Task goal ▸
Each line of the material should be set down exactly. Pictures are not part of the copy.
(Provided material Opens)
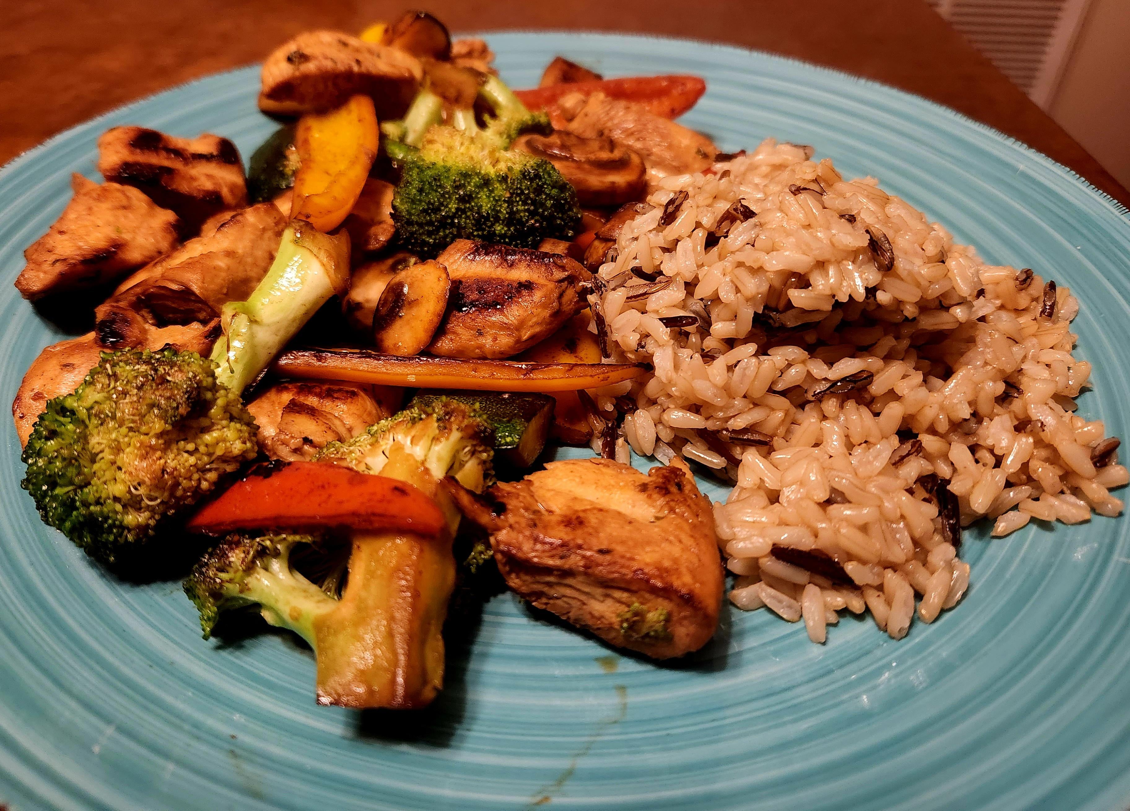 Busy day at work and didn’t get to eat much- treated myself to a bigger dinner than usual. Chicken stir fry w/ broccoli, zucchini, mushrooms, peppers and brown rice on the side. ~580 calories.
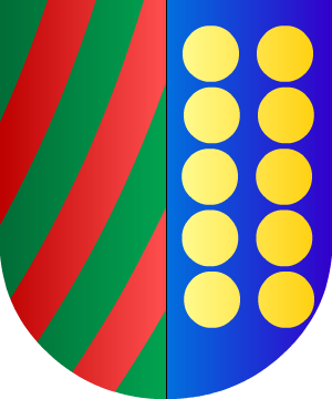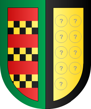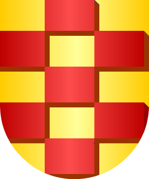 1º, de gules, con tres fajas jaqueladas de oro y sable, en dos órdenes,
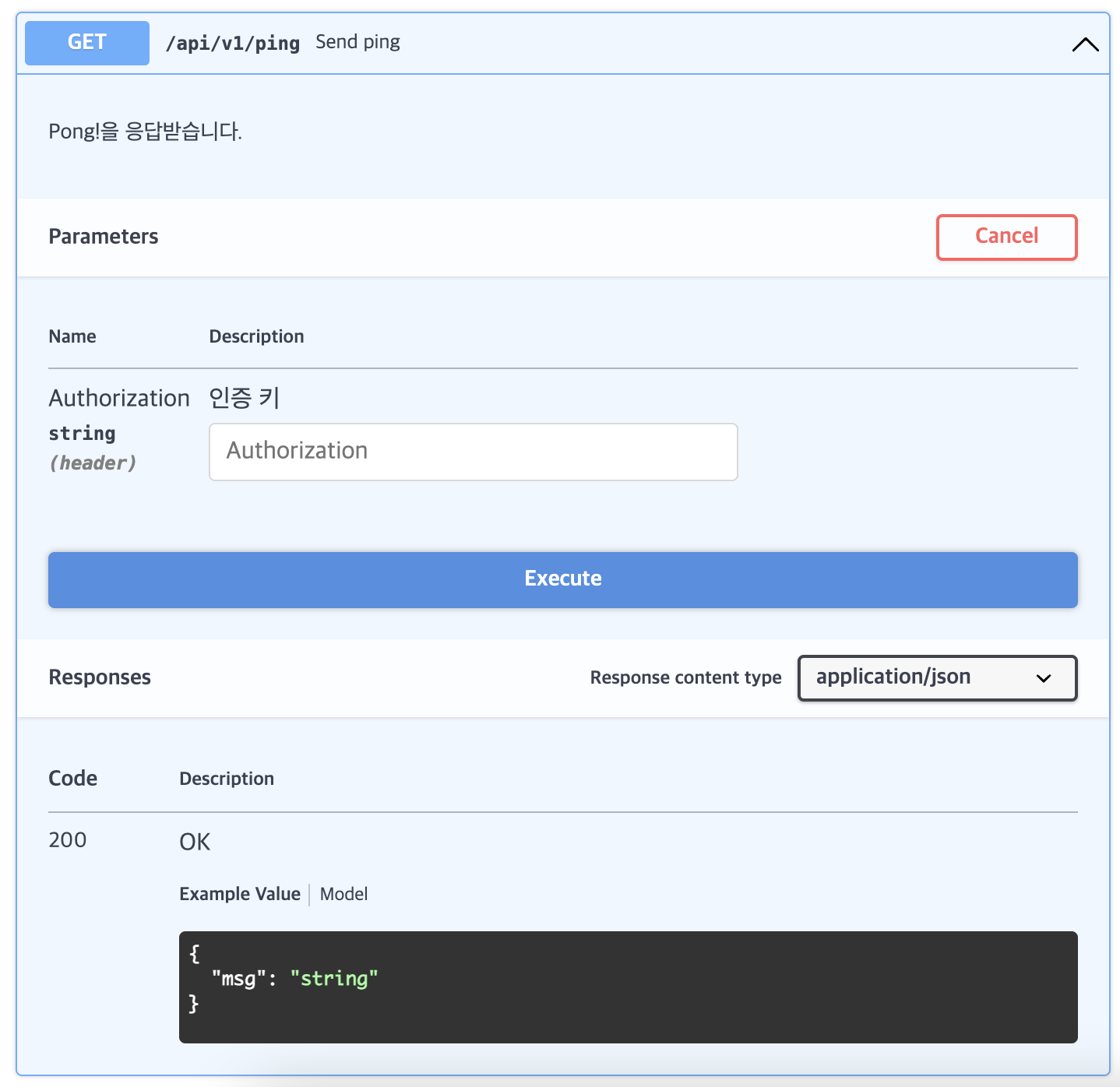 이후 웹 페이지에 들어가면 다음과 같이 깔끔하게 API 문서가 생성되어 있다.
(Provided material Closes)
Solution ▸
 Busy day at work and didn’t get to eat much- treated myself to a bigger dinner than usual. Chicken stir fry w/ broccoli, zucchini, mushrooms, peppers and brown rice on the side. ~580 calories.
 1º, de gules, con tres fajas jaqueladas de oro y sable, en dos órdenes,
 이후 웹 페이지에 들어가면 다음과 같이 깔끔하게 API 문서가 생성되어 있다.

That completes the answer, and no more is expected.